Find each line in the records below that contains the word "alle", and copy it out.

Top of Source data

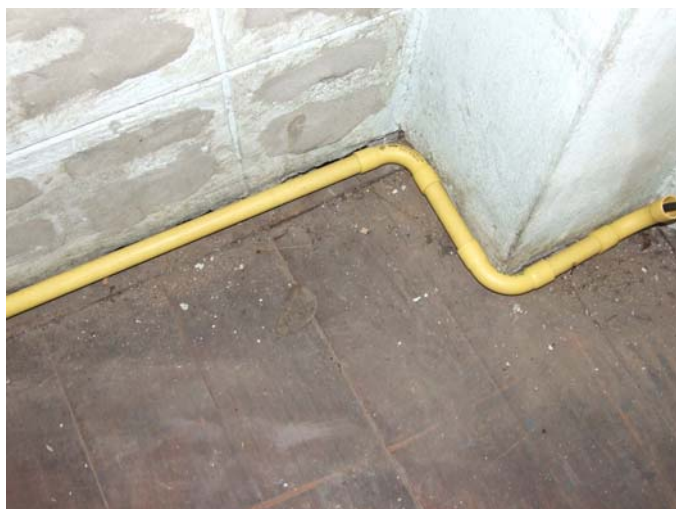
เดินท่อร้อยสายป้องกันสายไฟชำรุดและเปลี่ยนสายไฟใหม่
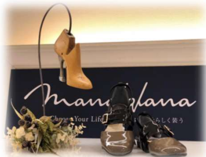
障がいの有無に関係なく お洒落できる靴の展示販売 (株式会社LUYL)
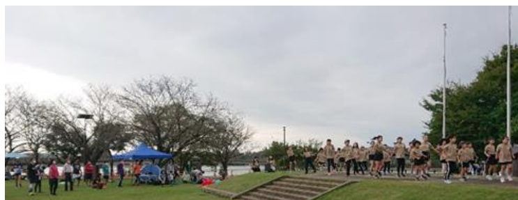
表彰式を盛り上げたキッズダンス
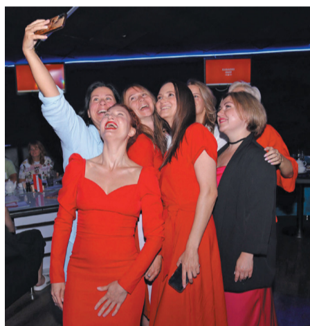
Селфи на память о первой игре

«Первая игра – пилотная, её не анонсировали. Готовились тщательно, и получили самые восторженные отзывы. Могу сказать с уверенностью – мы го-
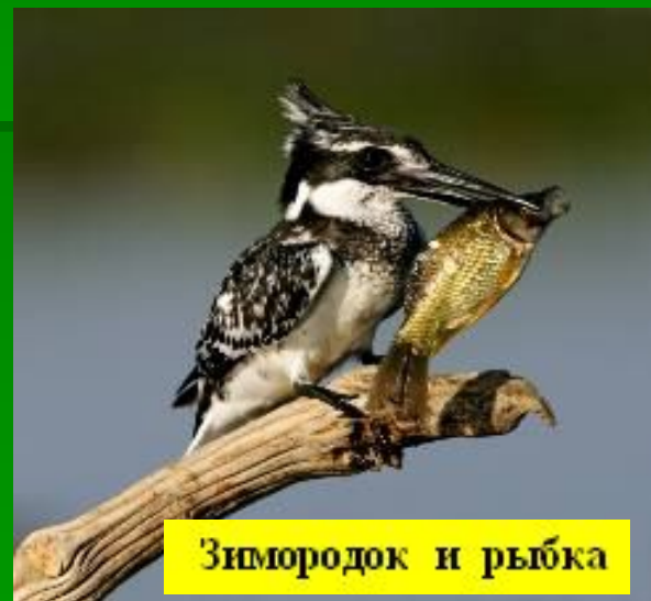
Зимородок и рыбка
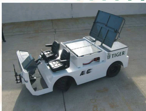
Robuste et confortable
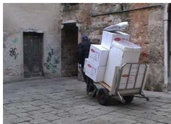
Dal film "Trasloco" di Rossana Molinatti

Venerdì 9 aprile ha avuto luogo la tradizionale serata di proiezione dedicata alle più rappresentative opere che hanno partecipato alla Mostra Internazionale di Montecatini. Una buona presenza di pubblico (i soci del cineclub Fedic "Certosa" di Casteggio e altri invitati) hanno gremito la saletta di proiezioni situata nel prestigioso palazzo progettato e costruito dagli stessi architetti a cui si deve la Certosa di Pavia.
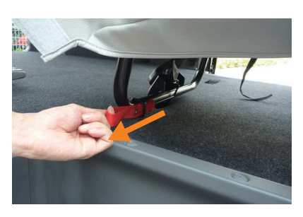
5 背もたれを前に倒し、座面後方下に付いて いるベルトを手前に引き、ロックを解除し ます。
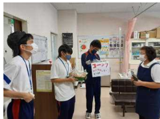
↑商品説明を丁寧に言い、急な質問に戸惑ったけど頑張った!
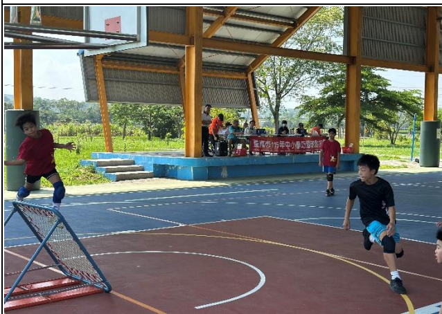
說明：於校內承辦臺南市115年度中小學巧固球對抗賽，校內巧固球隊學生參與其中。
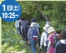
健康ウォーキング 10:25出発～12:30帰着
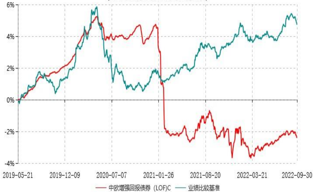
中欧增强回报债券 (LOF)C 累计净值增长率与业绩比较基准收益率历史走势对比图 (2019年05月21日-2022年09月30日)

注：本基金于 2019 年 5 月 20 日新增 C 份额，图示日期为 2019 年 5 月 21 日至 2022 年 09 月 30 日。
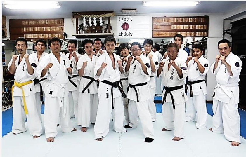
組手でヒヒヒ言ってたけれどカメラの前ではカッコよく！

親があれこれ言うばかりでなく頑張る姿を見せようぜ —— ということで空手を習っている子のお父さんたちが集まって“おやじの会”を作りました。やはり、親という草の根から理解してもらうことが大事なのだといつも思っています。
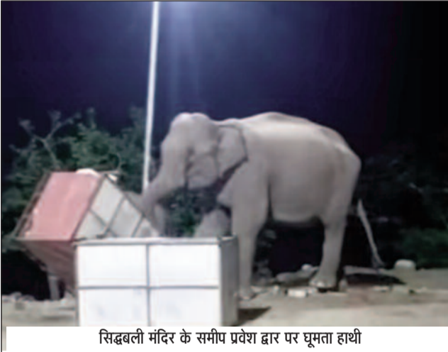
सिद्धबली मंदिर के समीप प्रवेश द्वार पर घूमता हाथी

जयन्त प्रतिनिधि। कोटद्वार : कोटद्वार श्री सिद्धबली मंदिर के समीप हाथी की धमक थमने का नाम नहीं ले रही। सोमवार रात एक बार फिर हाथी उक्त स्थान पर पहुंचा। आसपास मौजूद लोगों ने हाथी की इस चहलकदमी का वीडियो बनाया और उसे सोशल मीडिया में प्रसारित किया। श्री सिद्धबली मंदिर का अधिकांश हिस्सा जंगल से सटा होने के कारण इन दिनों हाथी अक्सर आबादी क्षेत्र तक पहुंच रहे हैं। पिछले एक सप्ताह में यह तीसरी घटना है, जब हाथी मंदिर के प्रवेश द्वार तक पहुंचा। सोमवार रात करीब साढ़े दस बजे हाथी अपने शावक के साथ पार्किंग स्थल में आया और काफी देर तक खुले मैदान में घूमता रहा। इसके बाद हाथी ने पार्किंग में रखे एक काउंटर को सूंड से उठकर इधर-उधर घुमाना शुरू कर दिया। इस दौरान शावक भी काउंटर के साथ खेलता दिखाई दिया। हाथी काफी देर तक मैदान में काउंटर को सूंड से
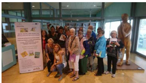
Fotografía de familia das participantes na visita.
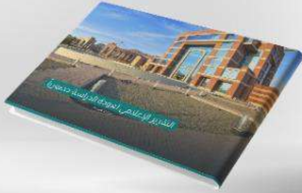
التقرير الاعلامي لعودة الدراسة حضوريا
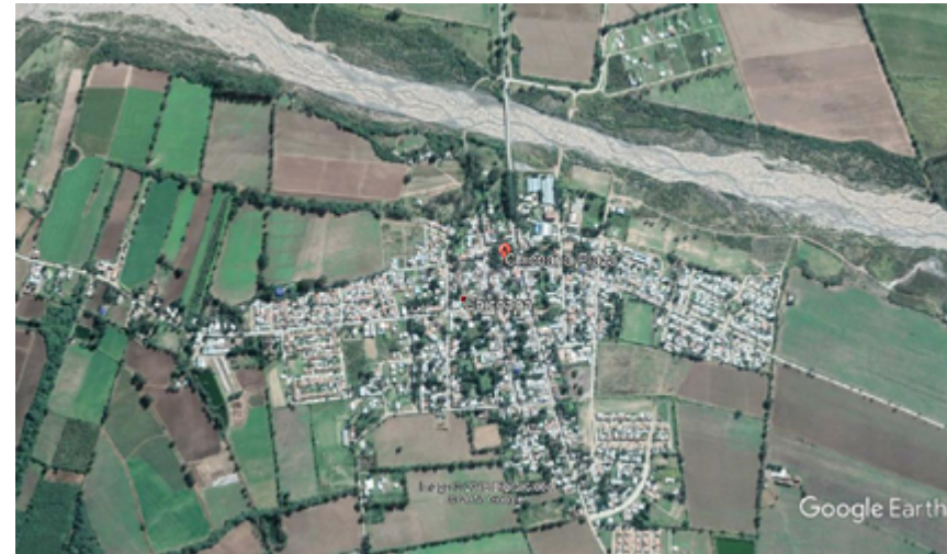
Imagen n°1. Situación urbana. Fuente: Extraído de Google Earth. Agosto de 2018.

En la Imagen n°2 se visualiza el partido adoptado por Luciano.
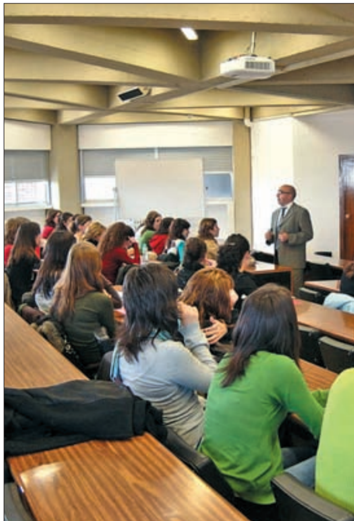
Alumnos en un aula universitaria
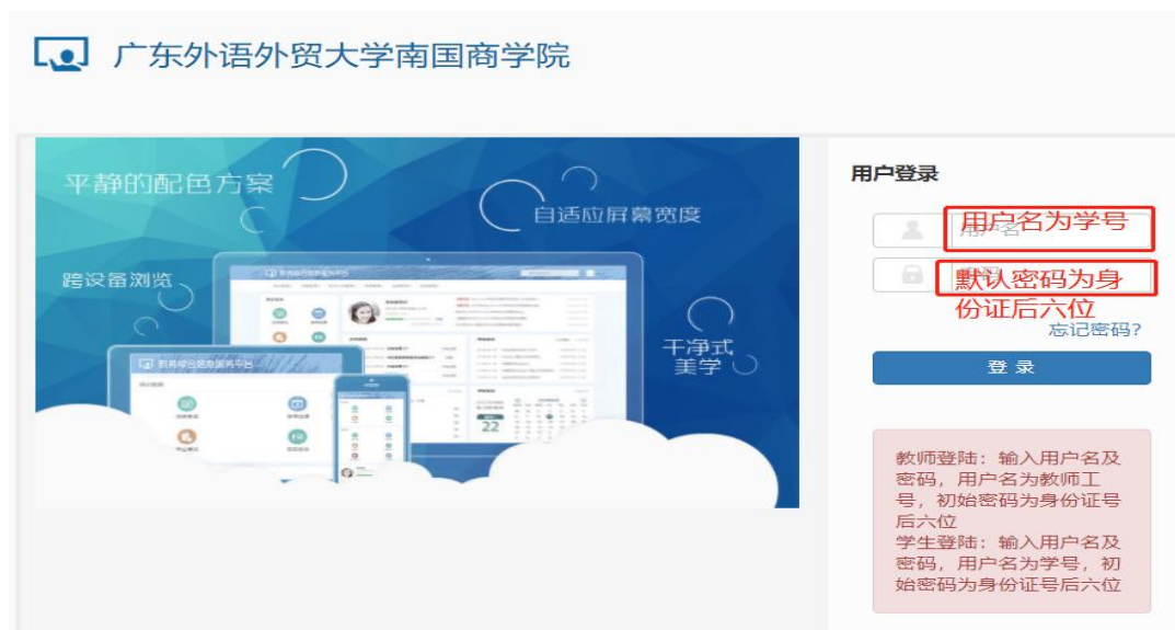
图 2 新教务系统登陆界面
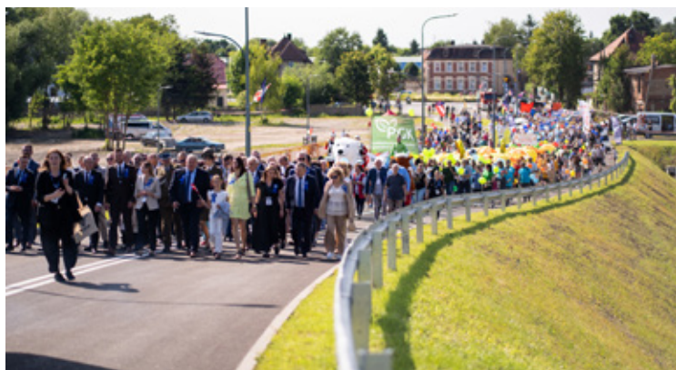
Korowód przeszedł ulicami miasta.
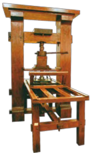
※1 グーテンベルク式活版印刷機とは 1447年、ドイツ人のヨハン・グーテンベルクがぶどう酒のしぼり機をヒントに発明した印刷機で、従来の木版印刷から金属活字印刷へ変わった画期的な印刷方式であった。

持ち帰った1590年当時、は豊臣秀吉の世。1587年のパテレン追放令など、少しずつキリスト教の禁教が進んでいたこともあり、秀吉の目をはばかり、長崎でなく、加津佐の地が選ばれたのではないかと、といわれています。
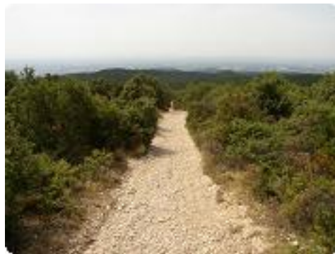
[20] Large chemin descendant.
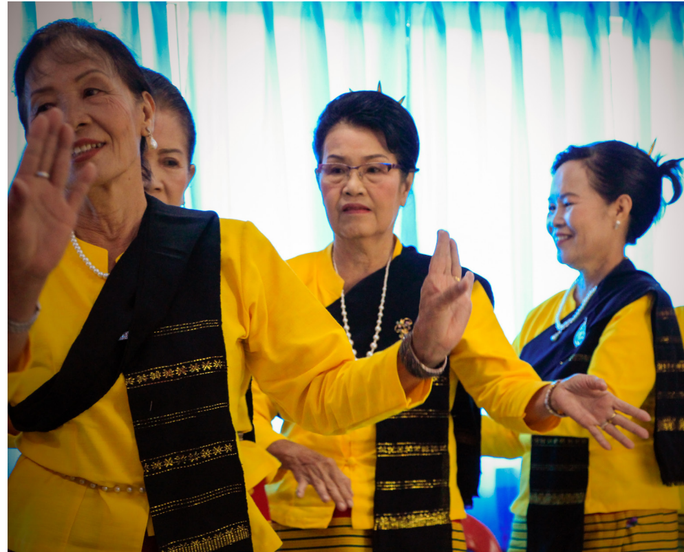
การฟ้อนรำเป็นกิจกรรมนันทนาการที่ผู้สูงอายุสนใจเป็นอย่างยิ่ง
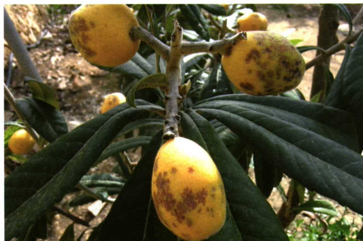
La mancha púrpura se localiza en las capas más profundas de la epidermis del fruto, las cuáles están en contacto ya con la pulpa. Las células se deshidratan y mueren, oxidándose el tejido que adquiere una tonalidad marrón que al transparentarse por el resto de la epidermis, de color amarillo-anaranjado, origina una tonalidad púrpura que da nombre a la alteración.

pecie el tamaño del fruto es un factor de calidad de gran importancia (Gariglio y col., 2001a), el agricultor recurre al aclareo manual de frutos para mejorarla, pero el coste que ello representa se ha cifrado aproximadamente en el 25% de los costes totales de cultivo. La puesta a punto del aclareo químico ha supuesto un importante avance en la tecnificación de este cultivo, dado que permite reducir en más de un 50% los costes de aclareo (Agustí y col., 1999). La utilización de la sal potásica del ácido naftaleno-cético, a una concentración de 20 mg/l cuando son visibles dos frutos recién cuajados por panícula, impide el cuajado de la práctica totalidad de las flores excepto de las ya fecundadas, reduciendo el número de frutos por panícula a cuatro o cinco y anticipando sen-
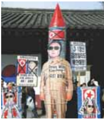
FORSETA N-KÓREU MÓTMÆLT Kim Jong-il hefur líf milljóna samlanda sinna á samviskunni.

Norður-Kóreumenn hverfi frá kjarnorkuvopnaáætlun sinni en takmarkaður árangur hefur orðið af viðræðunum. Kínverjar og Suður-Kóreumenn óttast upplausn Norður-Kóreu sem myndi leiða til þess að flóttamenn flyktust yfir landamærin í milljónavís. Það að Kim Jong-il hefur hafnað erlendri aðstoð mun líklega leiða til þess að íbúar landsins neyðist til að fara út í skóg í leit að hnetum og fræjum til að forðast að deyja úr sulti eins og gerðist fyrir áratug. Þá er talið að meira en milljón manns hafi dáðið úr hungri í landinu.
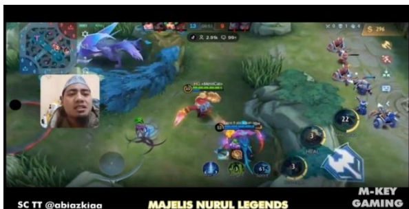
Gambar 4.5 screenshot chanel YouTube M-Key Gaming

"Pacaran itu tidak baik, pacaran itu hanya nafsu sesaat. Jika kita menuruti nafsu sesaat, yang mana nafsu itu datangnya dari syaiton, maka tidak akan ada hal-hal baik di dalamnya."
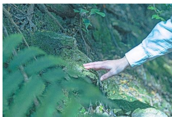
バスチャン屋敷での瞑想体験
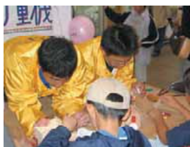
おもちゃの建設機械
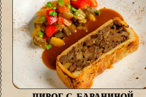
ПИРОГ С БАРАНИНОЙ / LAMB PIE WITH BAKED VEGETABLES → 1100 P
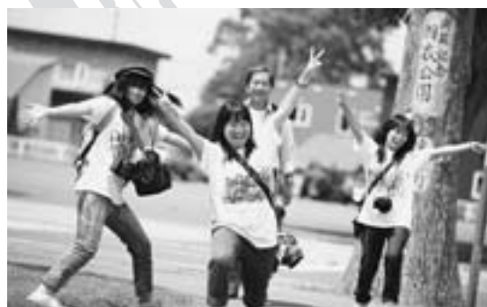
▲「さあ、いくぞー！」(決戦前の兵庫県立伊丹西高校、7月26日、農村環境改善センター前)
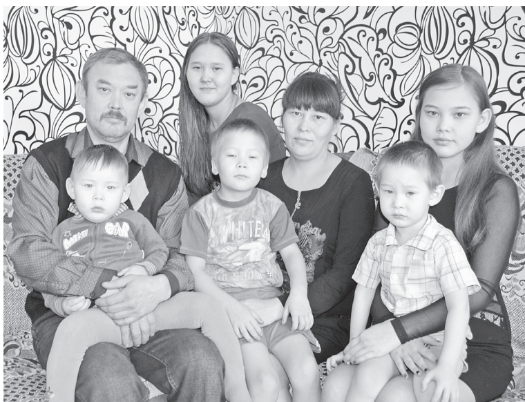
Счастливые минуты, когда все вместе!

Хочу, чтобы и мои ребятишки жили дружно, стали опорой не
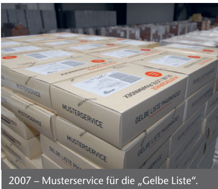
2007 – Musterservice für die „Gelbe Liste“.

Auf die Veränderungen der globalen Pharmamärkte, hat Med-X-Press mit maßgeschneiderten Angeboten reagiert. Um das Kerngeschäft, Lagerung und Distribution , gruppieren sich weitere kundenorientierte Dienstleistungen, die alle den hohen gesetzlichen Auflagen entsprechen. Zum speziellen Angebotsspektrum zählen die Spritzensichtung und die Serialisierung von Arzneimitteln. Im Rahmen der Vorgaben der EU-Fälschungsschutz-Richtlinie investierte Med-X-Press in zwei Serialisierungslinien , die 2019/2020 in Betrieb gingen.
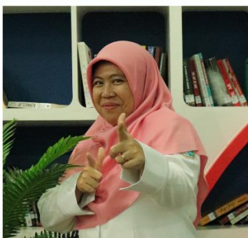
EKA BARKAH KIMIA
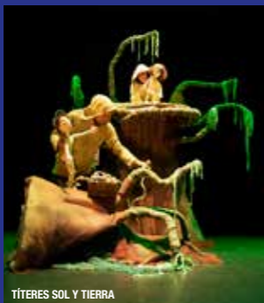
TÍTERES SOL Y TIERRA
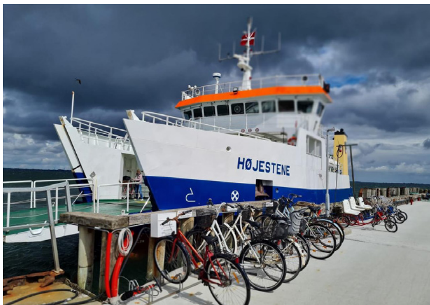
Færgen "Højestene" som sejler fra Svendborg til Skarø og Drejø.

ne med at genopbygge husene. 1 år hinanden, selv om 2. verdenskrig var efter var det meste bygget op igen. i gang. Fantastisk som man kunne hjælpe
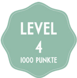
PIZZA O PASTA NACH WAHL
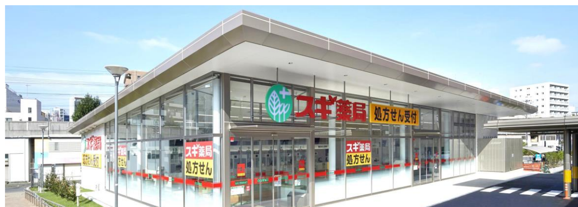
名大病院敷地内の「スギ薬局 名古屋大学病院店」
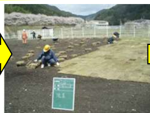
その上に張芝する。
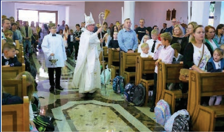
KS. BISKUP POŚWIĘCA PRZYBORY SZKOLNE DZIECIOM KLAS I
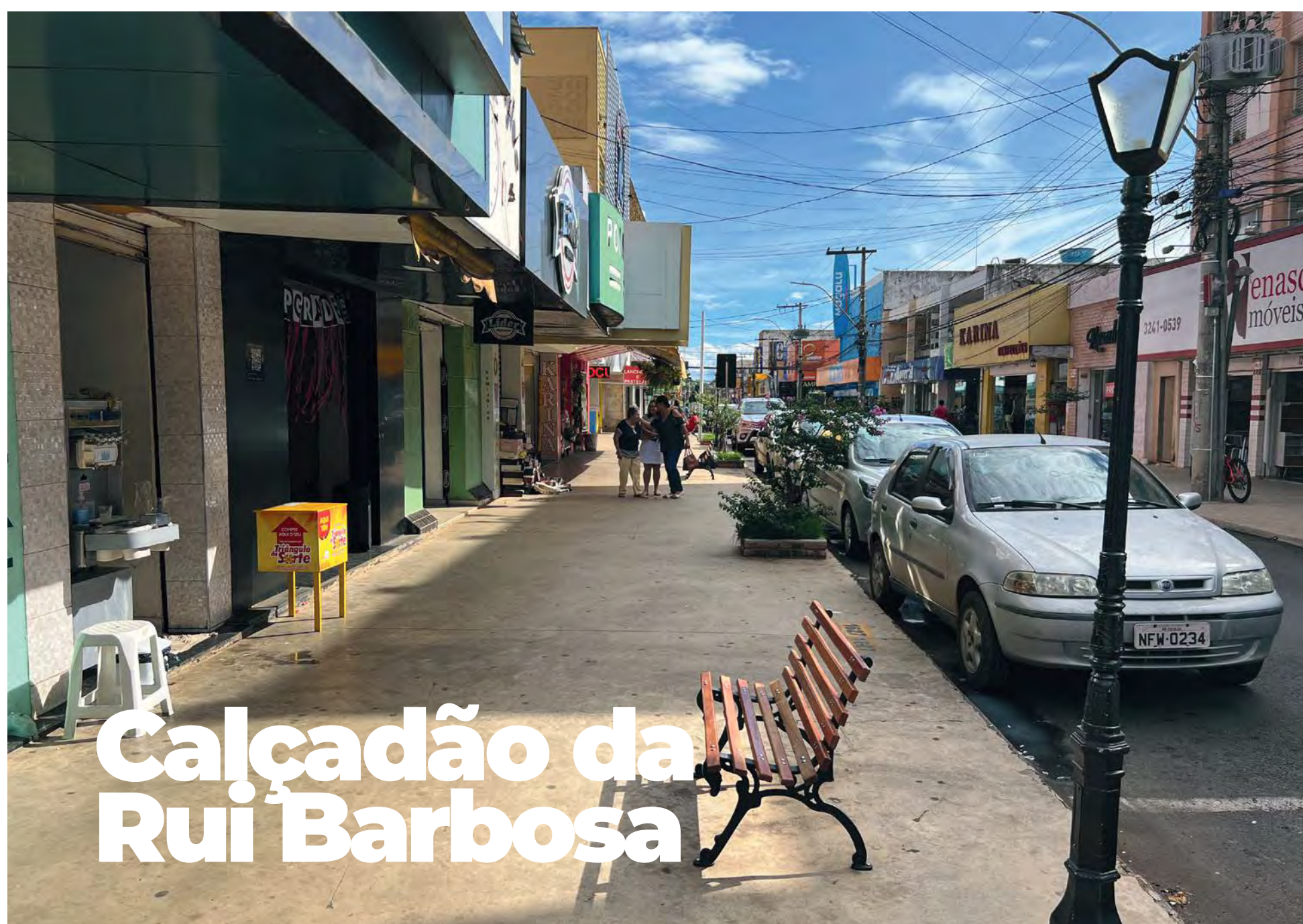
Calçada da Rui Barbosa

Bottom of Source data

— Exercise answer —
Venerdì 9 aprile ha avuto luogo la tradizionale serata di proiezione dedicata alle più rappresentative opere che hanno partecipato alla Mostra Internazionale di Montecatini. Una buona presenza di pubblico (i soci del cineclub Fedic "Certosa" di Casteggio e altri invitati) hanno gremito la saletta di proiezioni situata nel prestigioso palazzo progettato e costruito dagli stessi architetti a cui si deve la Certosa di Pavia.
Auf die Veränderungen der globalen Pharmamärkte, hat Med-X-Press mit maßgeschneiderten Angeboten reagiert. Um das Kerngeschäft, Lagerung und Distribution , gruppieren sich weitere kundenorientierte Dienstleistungen, die alle den hohen gesetzlichen Auflagen entsprechen. Zum speziellen Angebotsspektrum zählen die Spritzensichtung und die Serialisierung von Arzneimitteln. Im Rahmen der Vorgaben der EU-Fälschungsschutz-Richtlinie investierte Med-X-Press in zwei Serialisierungslinien , die 2019/2020 in Betrieb gingen.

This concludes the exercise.